Californian city could be the first USA municipality to ban predictive policing

June 29, 2020
The mayor and city council in the beachside city of Santa Cruz, California last week considered an ordinance that would put a stop to any predictive policing within its borders. With a rather modest-sized population of 65,000 and measuring only about 16 square miles in area (41 km-squared), the scale of this new push would not be especially significant but the move could trigger other cities throughout the USA to do likewise as California frequently acts as a bellwether for trends in governance. 

To be clear, the city is not currently undertaking any predictive policing and had suspended such efforts in 2017 when there was a sense that the practice was no longer particularly effective and seemed to stoke adverse consequences such as continuing racial inequalities. 

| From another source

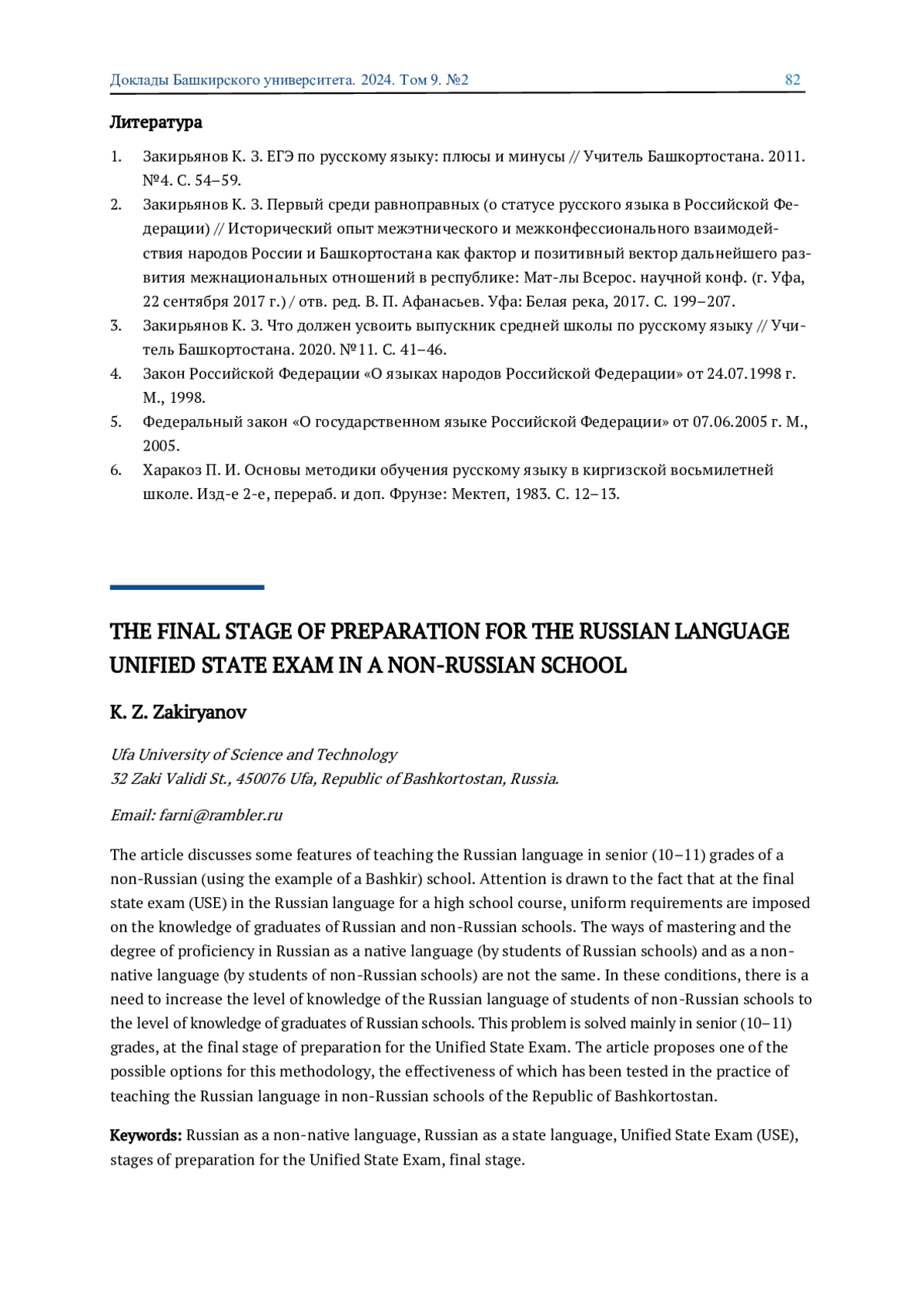 3. 	Закирьянов К. З. Что должен усвоить выпускник средней школы по русскому языку // Учитель Башкортостана. 2020. №11. С. 41-46. EDN: PFFBTB

The difference now, in this latest consideration, is that the change would prohibit predictive policing entirely, removing its use from the police department’s options. 
It is somewhat ironic that Santa Cruz was one of the first cities in the USA to adopt predictive policing. It did so in 2011,to great fanfare, when it became an early adopter of automation provided by a local company called PredPol. 

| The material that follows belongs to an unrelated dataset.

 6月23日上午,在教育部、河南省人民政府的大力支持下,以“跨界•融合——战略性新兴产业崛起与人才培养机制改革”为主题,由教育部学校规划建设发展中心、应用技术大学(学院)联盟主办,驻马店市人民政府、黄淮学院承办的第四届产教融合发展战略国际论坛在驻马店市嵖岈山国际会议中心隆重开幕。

Predictive policing tends to spark controversy since it uses algorithms to analyse data and then proffers predictions about where crimes might be committed. Some liken this to the chilling pre-crime policing efforts fictionally depicted in the popular Tom Cruise movie Minority Report. The algorithms are often kept secret, there is little or no transparency in how the predictions are rendered and murkiness about how the police will end-up using those predictions. 

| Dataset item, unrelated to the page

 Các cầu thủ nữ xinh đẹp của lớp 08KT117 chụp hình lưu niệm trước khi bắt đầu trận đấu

PredPol emphasizes that their system uses only three pieces of data about crimes to make its predictions, consisting of a database of prior crimes and straightforward indicators of the type of crime, the location of the crime, and the date/time that the crime was committed. 
Unlike other predictive policing automation, PredPol claims that they do not use arrest data or criminal records databases, and prevent the algorithm from making predictions involving crimes that could “have the possibility of officer-initiated bias”. 
Surprisingly, the proposed regulation is supported by PredPol, which points out that the ordinance would still leave open the possibility of a future resurrection of predictive policing and lays out strict guidelines if any such future efforts are launched. In short, PredPol indicated that they welcome setting a higher bar for exemptions and that they are ready to meet those conditions whenever a resumption is so considered.
A final vote by the city council will take place on August 11, 2020, including possible amendments before a vote for approval, and the ordinance could be purposely delayed or dropped altogether, rather than getting the go-ahead.